The ectomycorrhizal fungus Paxillus involutus converts organic matter in plant litter using a trimmed brown-rot mechanism involving Fenton chemistry

Published in:

Environmental Microbiology 14(6) , 1477-1487 (Jun 2012)

Author(s):

Rineau, F., Roth, D., Shah, F., Smits, M., Johansson, T., Canback, B., Olsen, P. B., Persson, P., Grell, M. N., Lindquist, E., Grigoriev, I. V., Lange, L., Tunlid, A.

DOI:

DOI 10.1111/j.1462-2920.2012.02736.x

Abstract:

Soils in boreal forests contain large stocks of carbon. Plants are the main source of this carbon through tissue residues and root exudates. A major part of the exudates are allocated to symbiotic ectomycorrhizal fungi. In return, the plant receives nutrients, in particular nitrogen from the mycorrhizal fungi. To capture the nitrogen, the fungi must at least partly disrupt the recalcitrant organic matterprotein complexes within which the nitrogen is embedded. This disruption process is poorly characterized.

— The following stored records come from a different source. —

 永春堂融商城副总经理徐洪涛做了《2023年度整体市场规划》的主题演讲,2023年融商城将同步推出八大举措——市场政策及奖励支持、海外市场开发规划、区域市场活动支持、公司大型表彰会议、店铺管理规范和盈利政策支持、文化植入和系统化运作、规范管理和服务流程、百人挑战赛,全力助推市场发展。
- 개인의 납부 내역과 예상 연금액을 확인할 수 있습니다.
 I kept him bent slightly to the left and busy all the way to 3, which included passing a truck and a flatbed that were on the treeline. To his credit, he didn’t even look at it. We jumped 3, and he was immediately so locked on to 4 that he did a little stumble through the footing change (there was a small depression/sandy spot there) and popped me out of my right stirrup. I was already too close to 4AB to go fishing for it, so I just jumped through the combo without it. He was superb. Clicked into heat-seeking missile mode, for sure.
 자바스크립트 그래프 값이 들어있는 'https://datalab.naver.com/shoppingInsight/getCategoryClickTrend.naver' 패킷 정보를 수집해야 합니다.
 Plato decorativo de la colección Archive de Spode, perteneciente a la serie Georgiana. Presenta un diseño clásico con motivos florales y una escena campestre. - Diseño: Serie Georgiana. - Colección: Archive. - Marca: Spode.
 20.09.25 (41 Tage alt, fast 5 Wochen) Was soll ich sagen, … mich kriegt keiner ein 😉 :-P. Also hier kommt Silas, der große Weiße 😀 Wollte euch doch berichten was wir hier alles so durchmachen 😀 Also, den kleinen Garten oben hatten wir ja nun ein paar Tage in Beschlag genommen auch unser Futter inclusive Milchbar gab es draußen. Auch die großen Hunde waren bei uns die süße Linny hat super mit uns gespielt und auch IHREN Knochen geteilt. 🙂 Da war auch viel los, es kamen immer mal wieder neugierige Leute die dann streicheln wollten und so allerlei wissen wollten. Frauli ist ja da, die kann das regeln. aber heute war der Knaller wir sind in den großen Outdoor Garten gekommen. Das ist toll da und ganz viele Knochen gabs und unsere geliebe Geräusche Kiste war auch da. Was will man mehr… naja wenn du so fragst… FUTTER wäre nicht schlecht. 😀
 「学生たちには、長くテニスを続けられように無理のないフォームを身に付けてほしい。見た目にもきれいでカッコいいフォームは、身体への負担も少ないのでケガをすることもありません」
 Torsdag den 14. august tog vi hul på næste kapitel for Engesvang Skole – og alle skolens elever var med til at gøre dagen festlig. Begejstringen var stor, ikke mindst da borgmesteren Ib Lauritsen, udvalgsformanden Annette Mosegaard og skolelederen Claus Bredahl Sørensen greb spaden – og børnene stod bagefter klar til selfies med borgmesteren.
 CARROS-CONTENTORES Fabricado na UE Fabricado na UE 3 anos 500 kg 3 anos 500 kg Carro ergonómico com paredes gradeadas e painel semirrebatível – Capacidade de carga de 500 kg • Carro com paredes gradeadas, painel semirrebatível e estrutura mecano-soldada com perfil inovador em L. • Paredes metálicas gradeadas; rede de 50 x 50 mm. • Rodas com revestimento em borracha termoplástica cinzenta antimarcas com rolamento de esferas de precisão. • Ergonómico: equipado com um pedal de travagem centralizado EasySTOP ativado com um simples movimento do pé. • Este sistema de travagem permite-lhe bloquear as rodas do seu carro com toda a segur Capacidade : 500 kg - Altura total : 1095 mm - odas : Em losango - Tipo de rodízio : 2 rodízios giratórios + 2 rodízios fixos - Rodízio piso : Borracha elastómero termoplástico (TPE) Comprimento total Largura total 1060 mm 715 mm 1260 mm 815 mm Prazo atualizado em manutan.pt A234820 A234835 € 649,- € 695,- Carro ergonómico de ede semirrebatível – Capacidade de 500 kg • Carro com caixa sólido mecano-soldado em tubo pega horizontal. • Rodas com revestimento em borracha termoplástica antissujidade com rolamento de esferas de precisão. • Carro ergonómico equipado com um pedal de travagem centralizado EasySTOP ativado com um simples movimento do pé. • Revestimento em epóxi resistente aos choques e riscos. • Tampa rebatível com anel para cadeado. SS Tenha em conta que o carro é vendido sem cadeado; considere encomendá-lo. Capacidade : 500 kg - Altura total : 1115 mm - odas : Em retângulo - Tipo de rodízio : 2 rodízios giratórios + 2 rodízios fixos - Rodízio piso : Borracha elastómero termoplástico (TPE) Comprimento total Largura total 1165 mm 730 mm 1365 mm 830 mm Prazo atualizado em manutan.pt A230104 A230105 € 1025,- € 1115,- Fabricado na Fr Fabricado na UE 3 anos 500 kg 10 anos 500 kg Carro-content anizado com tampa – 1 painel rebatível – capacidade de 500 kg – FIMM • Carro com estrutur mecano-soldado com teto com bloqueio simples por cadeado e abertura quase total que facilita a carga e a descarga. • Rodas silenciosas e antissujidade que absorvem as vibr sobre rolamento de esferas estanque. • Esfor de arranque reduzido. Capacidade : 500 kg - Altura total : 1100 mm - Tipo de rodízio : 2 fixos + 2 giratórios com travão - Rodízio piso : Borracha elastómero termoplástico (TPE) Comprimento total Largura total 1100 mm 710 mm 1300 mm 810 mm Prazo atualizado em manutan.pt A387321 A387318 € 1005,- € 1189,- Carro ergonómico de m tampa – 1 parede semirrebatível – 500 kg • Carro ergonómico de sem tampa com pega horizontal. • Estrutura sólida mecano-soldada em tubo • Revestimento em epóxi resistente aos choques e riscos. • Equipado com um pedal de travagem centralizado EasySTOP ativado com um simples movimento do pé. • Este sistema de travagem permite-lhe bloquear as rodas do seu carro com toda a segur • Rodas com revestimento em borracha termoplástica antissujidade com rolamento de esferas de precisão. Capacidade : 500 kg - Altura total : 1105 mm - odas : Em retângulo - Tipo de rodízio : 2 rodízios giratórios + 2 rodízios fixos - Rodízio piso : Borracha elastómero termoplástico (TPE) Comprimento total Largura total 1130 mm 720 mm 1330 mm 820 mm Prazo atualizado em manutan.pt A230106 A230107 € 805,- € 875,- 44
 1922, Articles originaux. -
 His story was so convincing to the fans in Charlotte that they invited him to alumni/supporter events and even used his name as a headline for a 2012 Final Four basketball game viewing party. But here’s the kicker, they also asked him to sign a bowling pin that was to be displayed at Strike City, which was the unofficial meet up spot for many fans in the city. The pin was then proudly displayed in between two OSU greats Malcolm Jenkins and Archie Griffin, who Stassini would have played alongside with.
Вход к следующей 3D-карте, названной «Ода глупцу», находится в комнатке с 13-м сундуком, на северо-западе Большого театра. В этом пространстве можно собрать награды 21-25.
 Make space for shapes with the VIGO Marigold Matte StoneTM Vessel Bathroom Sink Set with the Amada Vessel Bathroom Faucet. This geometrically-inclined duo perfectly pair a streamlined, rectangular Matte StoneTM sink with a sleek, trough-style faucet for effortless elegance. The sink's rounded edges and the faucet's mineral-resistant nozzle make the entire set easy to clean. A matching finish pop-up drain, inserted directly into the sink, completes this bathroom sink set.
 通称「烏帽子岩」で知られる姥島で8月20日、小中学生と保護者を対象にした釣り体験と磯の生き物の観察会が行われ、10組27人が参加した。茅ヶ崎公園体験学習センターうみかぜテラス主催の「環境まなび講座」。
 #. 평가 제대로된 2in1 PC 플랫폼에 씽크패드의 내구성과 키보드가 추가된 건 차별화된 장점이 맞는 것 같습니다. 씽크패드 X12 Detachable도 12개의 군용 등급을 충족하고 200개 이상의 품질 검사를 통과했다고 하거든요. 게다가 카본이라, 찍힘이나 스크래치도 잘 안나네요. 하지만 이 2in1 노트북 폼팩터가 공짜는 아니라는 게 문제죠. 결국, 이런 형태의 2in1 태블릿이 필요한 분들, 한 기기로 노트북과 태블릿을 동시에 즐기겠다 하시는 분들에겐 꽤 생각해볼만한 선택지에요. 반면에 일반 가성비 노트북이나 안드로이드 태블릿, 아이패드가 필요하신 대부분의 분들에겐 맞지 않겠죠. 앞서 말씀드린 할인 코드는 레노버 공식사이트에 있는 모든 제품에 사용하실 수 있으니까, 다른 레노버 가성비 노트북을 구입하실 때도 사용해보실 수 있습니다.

We used spectroscopic analyses and transcriptome profiling to examine the mechanism by which the ectomycorrhizal fungus Paxillus involutus degrades organic matter when acquiring nitrogen from plant litter. The fungus partially degraded polysaccharides and modified the structure of polyphenols. The observed chemical changes were consistent with a hydroxyl radical attack, involving Fenton chemistry similar to that of brown-rot fungi. The set of enzymes expressed by Pa. involutus during the degradation of the organic matter was similar to the set of enzymes involved in the oxidative degradation of wood by brown-rot fungi. However, Pa. involutus lacked transcripts encoding extracellular enzymes needed for metabolizing the released carbon. The saprotrophic activity has been reduced to a radical-based biodegradation system that can efficiently disrupt the organic matterprotein complexes and thereby mobilize the entrapped nutrients. We suggest that the released carbon then becomes available for further degradation and assimilation by commensal microbes, and that these activities have been lost in ectomycorrhizal fungi as an adaptation to symbiotic growth on host photosynthate. The interdependence of ectomycorrhizal symbionts and saprophytic microbes would provide a key link in the turnover of nutrients and carbon in forest ecosystems.